Exercise brief: The entries below need to be transcribed exactly, without their images.

Dataset items:
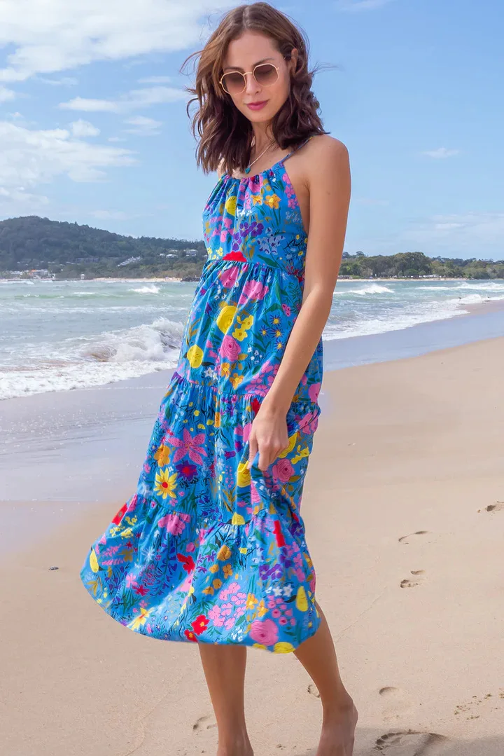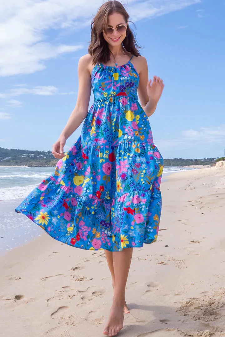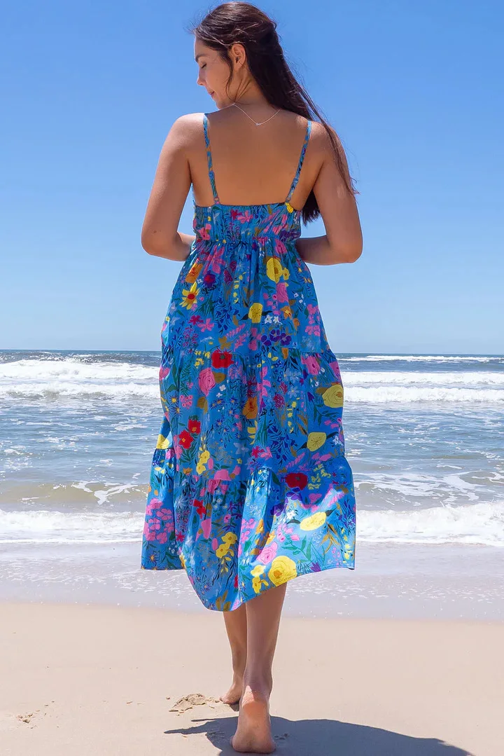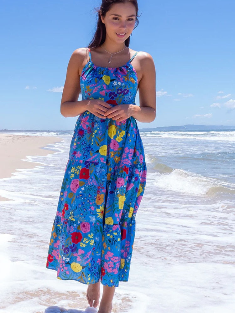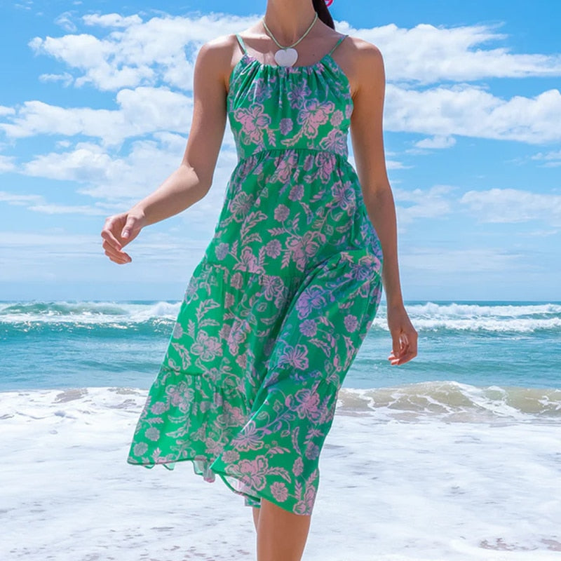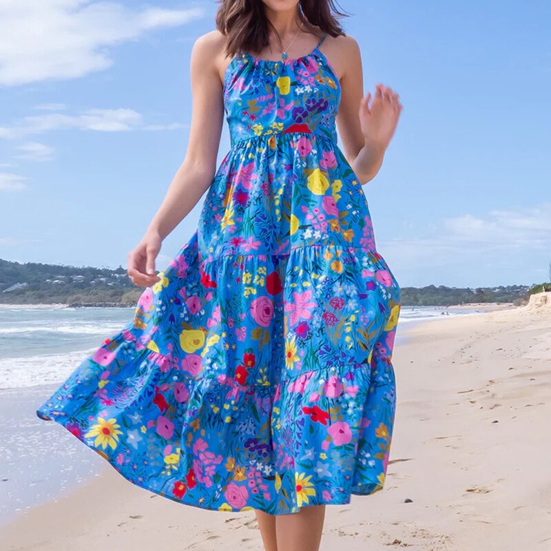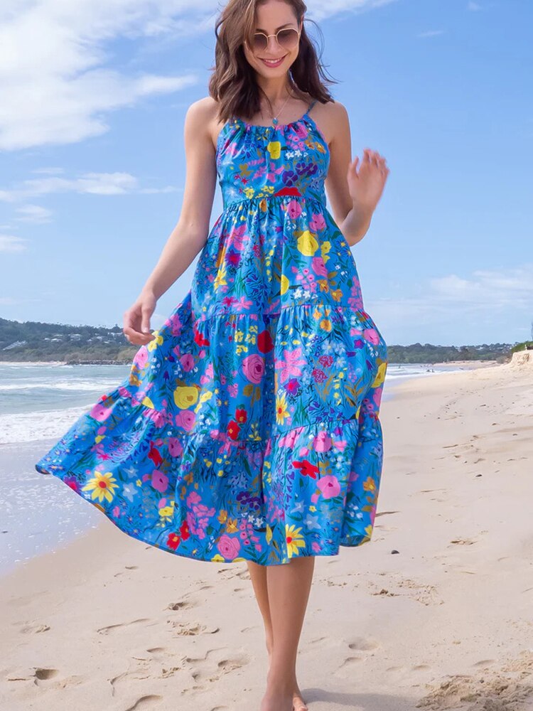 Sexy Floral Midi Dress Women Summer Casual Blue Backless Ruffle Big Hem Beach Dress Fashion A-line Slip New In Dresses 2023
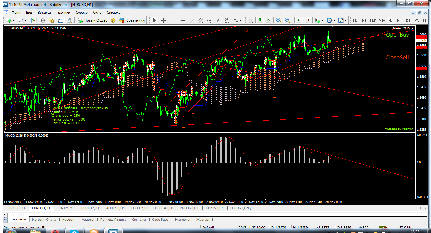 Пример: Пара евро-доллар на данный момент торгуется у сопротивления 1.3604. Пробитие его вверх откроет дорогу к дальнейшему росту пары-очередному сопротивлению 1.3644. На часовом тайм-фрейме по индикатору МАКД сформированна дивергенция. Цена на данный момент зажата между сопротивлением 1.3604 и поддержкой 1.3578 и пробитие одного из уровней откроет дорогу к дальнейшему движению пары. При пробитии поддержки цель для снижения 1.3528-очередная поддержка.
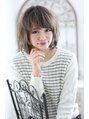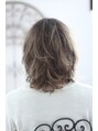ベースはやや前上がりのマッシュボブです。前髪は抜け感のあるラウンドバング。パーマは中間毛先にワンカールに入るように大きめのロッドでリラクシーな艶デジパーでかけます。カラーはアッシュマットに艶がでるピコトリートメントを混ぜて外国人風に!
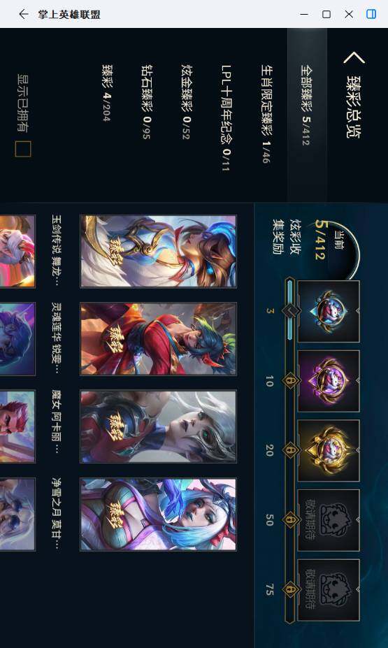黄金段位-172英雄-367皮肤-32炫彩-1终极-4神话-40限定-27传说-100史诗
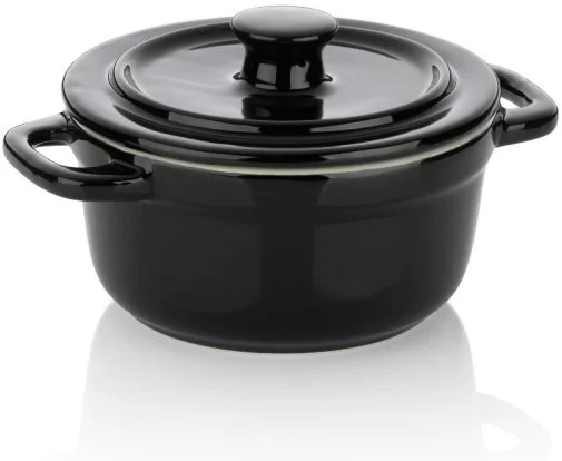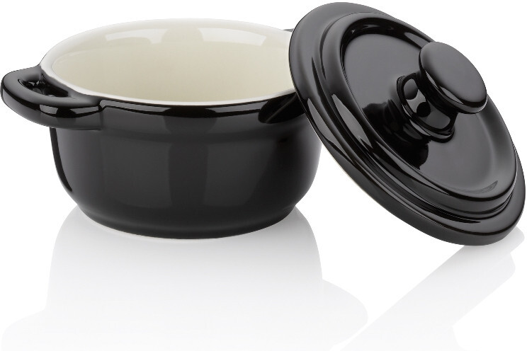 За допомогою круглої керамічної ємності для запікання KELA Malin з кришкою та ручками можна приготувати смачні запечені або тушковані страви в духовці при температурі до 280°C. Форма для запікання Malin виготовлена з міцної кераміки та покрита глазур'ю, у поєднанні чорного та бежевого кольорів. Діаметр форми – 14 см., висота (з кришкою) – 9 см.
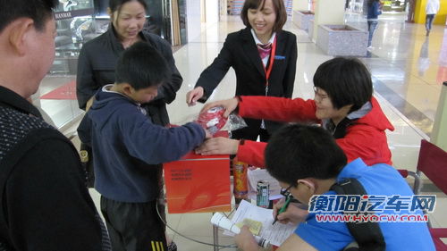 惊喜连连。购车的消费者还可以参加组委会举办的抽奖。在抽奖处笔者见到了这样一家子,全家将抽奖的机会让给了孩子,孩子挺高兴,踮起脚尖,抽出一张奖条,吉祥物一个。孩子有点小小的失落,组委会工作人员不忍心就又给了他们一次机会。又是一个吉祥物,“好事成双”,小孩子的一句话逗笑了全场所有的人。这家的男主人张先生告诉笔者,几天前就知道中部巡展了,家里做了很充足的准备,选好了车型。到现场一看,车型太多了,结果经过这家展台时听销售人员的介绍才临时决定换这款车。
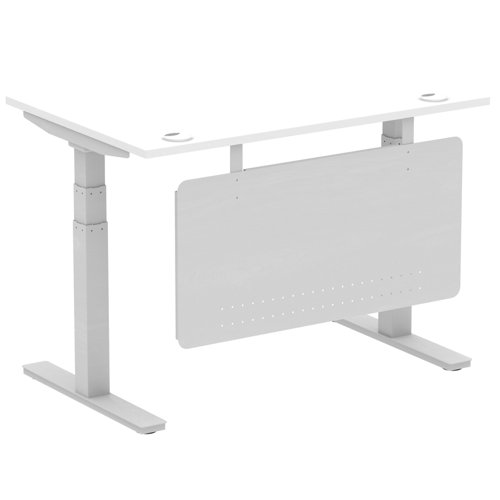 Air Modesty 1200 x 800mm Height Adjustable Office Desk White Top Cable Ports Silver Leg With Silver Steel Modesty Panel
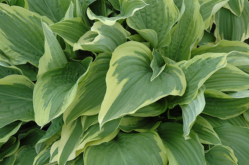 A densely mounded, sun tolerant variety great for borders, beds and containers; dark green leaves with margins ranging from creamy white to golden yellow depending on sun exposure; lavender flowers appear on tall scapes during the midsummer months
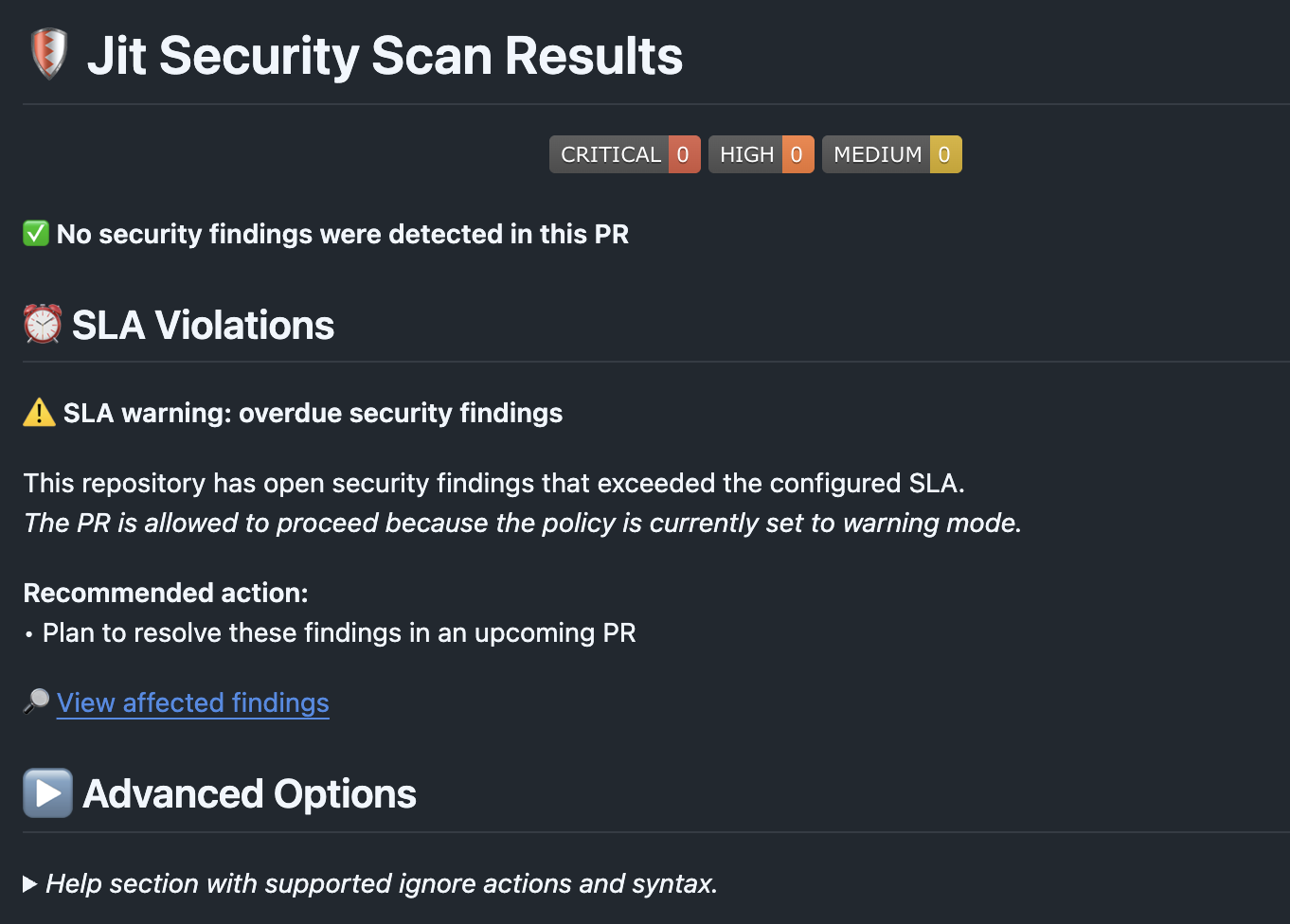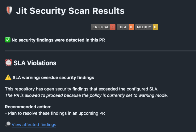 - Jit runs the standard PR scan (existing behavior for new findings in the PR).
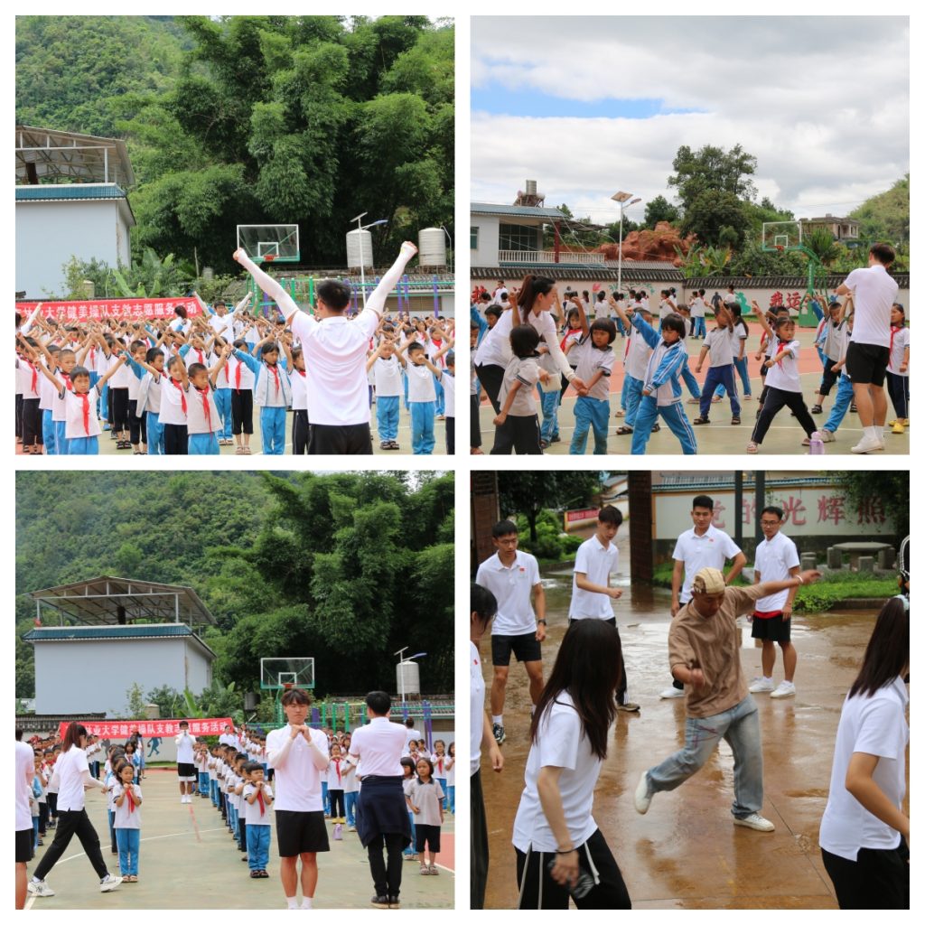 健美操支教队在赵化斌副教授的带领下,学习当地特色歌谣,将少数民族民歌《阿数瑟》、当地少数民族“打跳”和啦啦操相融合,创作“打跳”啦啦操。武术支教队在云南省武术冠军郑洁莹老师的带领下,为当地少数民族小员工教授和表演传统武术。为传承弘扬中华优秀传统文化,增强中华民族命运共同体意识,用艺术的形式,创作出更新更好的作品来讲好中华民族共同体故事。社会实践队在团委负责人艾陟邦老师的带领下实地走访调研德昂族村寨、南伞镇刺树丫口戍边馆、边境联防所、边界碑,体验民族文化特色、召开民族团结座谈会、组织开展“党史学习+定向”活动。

Answer section:
 Sexy Floral Midi Dress Women Summer Casual Blue Backless Ruffle Big Hem Beach Dress Fashion A-line Slip New In Dresses 2023
 Пример: Пара евро-доллар на данный момент торгуется у сопротивления 1.3604. Пробитие его вверх откроет дорогу к дальнейшему росту пары-очередному сопротивлению 1.3644. На часовом тайм-фрейме по индикатору МАКД сформированна дивергенция. Цена на данный момент зажата между сопротивлением 1.3604 и поддержкой 1.3578 и пробитие одного из уровней откроет дорогу к дальнейшему движению пары. При пробитии поддержки цель для снижения 1.3528-очередная поддержка.
ベースはやや前上がりのマッシュボブです。前髪は抜け感のあるラウンドバング。パーマは中間毛先にワンカールに入るように大きめのロッドでリラクシーな艶デジパーでかけます。カラーはアッシュマットに艶がでるピコトリートメントを混ぜて外国人風に!
黄金段位-172英雄-367皮肤-32炫彩-1终极-4神话-40限定-27传说-100史诗
 За допомогою круглої керамічної ємності для запікання KELA Malin з кришкою та ручками можна приготувати смачні запечені або тушковані страви в духовці при температурі до 280°C. Форма для запікання Malin виготовлена з міцної кераміки та покрита глазур'ю, у поєднанні чорного та бежевого кольорів. Діаметр форми – 14 см., висота (з кришкою) – 9 см.
 惊喜连连。购车的消费者还可以参加组委会举办的抽奖。在抽奖处笔者见到了这样一家子,全家将抽奖的机会让给了孩子,孩子挺高兴,踮起脚尖,抽出一张奖条,吉祥物一个。孩子有点小小的失落,组委会工作人员不忍心就又给了他们一次机会。又是一个吉祥物,“好事成双”,小孩子的一句话逗笑了全场所有的人。这家的男主人张先生告诉笔者,几天前就知道中部巡展了,家里做了很充足的准备,选好了车型。到现场一看,车型太多了,结果经过这家展台时听销售人员的介绍才临时决定换这款车。
 Air Modesty 1200 x 800mm Height Adjustable Office Desk White Top Cable Ports Silver Leg With Silver Steel Modesty Panel
 A densely mounded, sun tolerant variety great for borders, beds and containers; dark green leaves with margins ranging from creamy white to golden yellow depending on sun exposure; lavender flowers appear on tall scapes during the midsummer months
 - Jit runs the standard PR scan (existing behavior for new findings in the PR).
 健美操支教队在赵化斌副教授的带领下,学习当地特色歌谣,将少数民族民歌《阿数瑟》、当地少数民族“打跳”和啦啦操相融合,创作“打跳”啦啦操。武术支教队在云南省武术冠军郑洁莹老师的带领下,为当地少数民族小员工教授和表演传统武术。为传承弘扬中华优秀传统文化,增强中华民族命运共同体意识,用艺术的形式,创作出更新更好的作品来讲好中华民族共同体故事。社会实践队在团委负责人艾陟邦老师的带领下实地走访调研德昂族村寨、南伞镇刺树丫口戍边馆、边境联防所、边界碑,体验民族文化特色、召开民族团结座谈会、组织开展“党史学习+定向”活动。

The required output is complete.